> [Input data]:

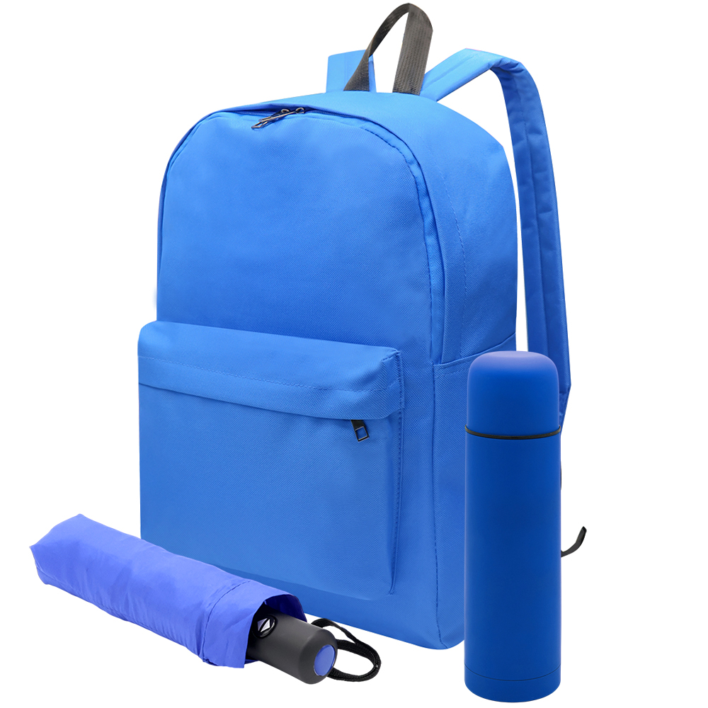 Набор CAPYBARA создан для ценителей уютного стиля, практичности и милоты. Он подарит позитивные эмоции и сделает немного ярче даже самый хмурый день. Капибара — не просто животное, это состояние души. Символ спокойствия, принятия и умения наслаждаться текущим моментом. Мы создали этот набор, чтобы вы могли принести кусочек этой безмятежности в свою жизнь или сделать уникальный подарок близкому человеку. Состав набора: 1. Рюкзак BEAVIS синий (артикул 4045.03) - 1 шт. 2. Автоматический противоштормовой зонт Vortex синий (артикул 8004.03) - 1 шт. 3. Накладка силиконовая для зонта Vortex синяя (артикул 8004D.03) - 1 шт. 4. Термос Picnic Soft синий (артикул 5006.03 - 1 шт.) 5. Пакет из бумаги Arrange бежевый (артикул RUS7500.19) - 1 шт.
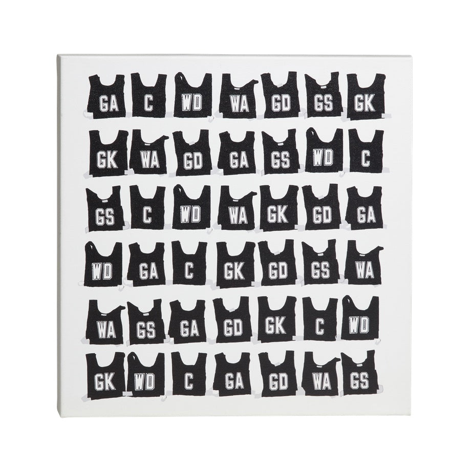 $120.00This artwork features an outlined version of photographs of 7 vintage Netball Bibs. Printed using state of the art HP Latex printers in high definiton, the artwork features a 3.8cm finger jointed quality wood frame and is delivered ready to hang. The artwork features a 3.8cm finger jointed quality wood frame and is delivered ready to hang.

...

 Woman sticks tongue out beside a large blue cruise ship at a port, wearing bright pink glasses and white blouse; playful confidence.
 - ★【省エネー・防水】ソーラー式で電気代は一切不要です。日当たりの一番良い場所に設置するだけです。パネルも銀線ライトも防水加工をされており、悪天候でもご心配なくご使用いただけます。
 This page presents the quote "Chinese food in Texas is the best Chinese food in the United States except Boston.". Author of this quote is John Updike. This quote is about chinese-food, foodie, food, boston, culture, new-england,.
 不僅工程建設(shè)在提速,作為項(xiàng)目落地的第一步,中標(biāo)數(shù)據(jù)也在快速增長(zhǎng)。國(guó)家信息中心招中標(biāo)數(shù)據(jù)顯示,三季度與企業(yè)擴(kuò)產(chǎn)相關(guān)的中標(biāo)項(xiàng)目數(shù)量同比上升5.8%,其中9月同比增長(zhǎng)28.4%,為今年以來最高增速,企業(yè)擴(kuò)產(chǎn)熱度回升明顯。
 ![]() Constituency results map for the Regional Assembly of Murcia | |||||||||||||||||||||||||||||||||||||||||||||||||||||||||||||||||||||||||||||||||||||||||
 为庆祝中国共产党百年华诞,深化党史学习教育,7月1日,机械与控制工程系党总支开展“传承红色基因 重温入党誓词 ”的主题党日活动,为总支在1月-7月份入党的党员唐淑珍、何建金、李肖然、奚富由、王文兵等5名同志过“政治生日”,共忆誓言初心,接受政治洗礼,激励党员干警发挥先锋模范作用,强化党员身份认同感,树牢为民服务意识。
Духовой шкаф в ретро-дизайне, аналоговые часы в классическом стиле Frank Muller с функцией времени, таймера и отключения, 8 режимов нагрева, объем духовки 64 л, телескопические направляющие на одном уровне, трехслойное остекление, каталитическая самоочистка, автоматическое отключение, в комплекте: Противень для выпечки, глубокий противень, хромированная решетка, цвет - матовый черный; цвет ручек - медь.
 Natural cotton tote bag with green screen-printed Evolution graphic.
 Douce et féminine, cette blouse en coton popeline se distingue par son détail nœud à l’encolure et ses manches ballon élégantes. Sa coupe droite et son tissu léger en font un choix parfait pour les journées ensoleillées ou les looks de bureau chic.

==

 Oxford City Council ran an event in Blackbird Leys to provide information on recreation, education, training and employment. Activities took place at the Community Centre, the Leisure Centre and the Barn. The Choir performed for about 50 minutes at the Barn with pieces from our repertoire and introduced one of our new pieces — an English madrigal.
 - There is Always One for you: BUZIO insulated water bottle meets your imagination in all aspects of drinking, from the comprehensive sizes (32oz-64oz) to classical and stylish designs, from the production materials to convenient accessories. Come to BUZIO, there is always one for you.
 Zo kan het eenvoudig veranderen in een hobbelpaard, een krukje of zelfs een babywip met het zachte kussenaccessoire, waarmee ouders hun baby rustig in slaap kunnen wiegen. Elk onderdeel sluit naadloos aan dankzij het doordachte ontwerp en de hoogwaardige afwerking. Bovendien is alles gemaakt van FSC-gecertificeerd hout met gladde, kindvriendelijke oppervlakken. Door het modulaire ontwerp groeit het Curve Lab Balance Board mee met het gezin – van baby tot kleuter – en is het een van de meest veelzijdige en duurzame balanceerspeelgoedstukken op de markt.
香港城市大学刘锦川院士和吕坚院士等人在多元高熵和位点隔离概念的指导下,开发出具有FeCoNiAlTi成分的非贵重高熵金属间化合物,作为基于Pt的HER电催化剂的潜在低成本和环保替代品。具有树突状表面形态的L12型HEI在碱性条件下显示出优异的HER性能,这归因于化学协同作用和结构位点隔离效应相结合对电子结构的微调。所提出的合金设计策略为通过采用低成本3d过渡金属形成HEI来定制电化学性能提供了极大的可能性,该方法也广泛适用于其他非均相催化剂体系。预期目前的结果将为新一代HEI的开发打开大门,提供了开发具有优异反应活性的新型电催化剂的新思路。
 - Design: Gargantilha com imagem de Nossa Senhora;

> [Action item]:
Copy word for word the span of the records above that begins at the line with "Набор CAPYBARA создан" and ends at the line with "artwork features an", including those two lines but not the pictures.

> [Task output]:
 Набор CAPYBARA создан для ценителей уютного стиля, практичности и милоты. Он подарит позитивные эмоции и сделает немного ярче даже самый хмурый день. Капибара — не просто животное, это состояние души. Символ спокойствия, принятия и умения наслаждаться текущим моментом. Мы создали этот набор, чтобы вы могли принести кусочек этой безмятежности в свою жизнь или сделать уникальный подарок близкому человеку. Состав набора: 1. Рюкзак BEAVIS синий (артикул 4045.03) - 1 шт. 2. Автоматический противоштормовой зонт Vortex синий (артикул 8004.03) - 1 шт. 3. Накладка силиконовая для зонта Vortex синяя (артикул 8004D.03) - 1 шт. 4. Термос Picnic Soft синий (артикул 5006.03 - 1 шт.) 5. Пакет из бумаги Arrange бежевый (артикул RUS7500.19) - 1 шт.
 $120.00This artwork features an outlined version of photographs of 7 vintage Netball Bibs. Printed using state of the art HP Latex printers in high definiton, the artwork features a 3.8cm finger jointed quality wood frame and is delivered ready to hang. The artwork features a 3.8cm finger jointed quality wood frame and is delivered ready to hang.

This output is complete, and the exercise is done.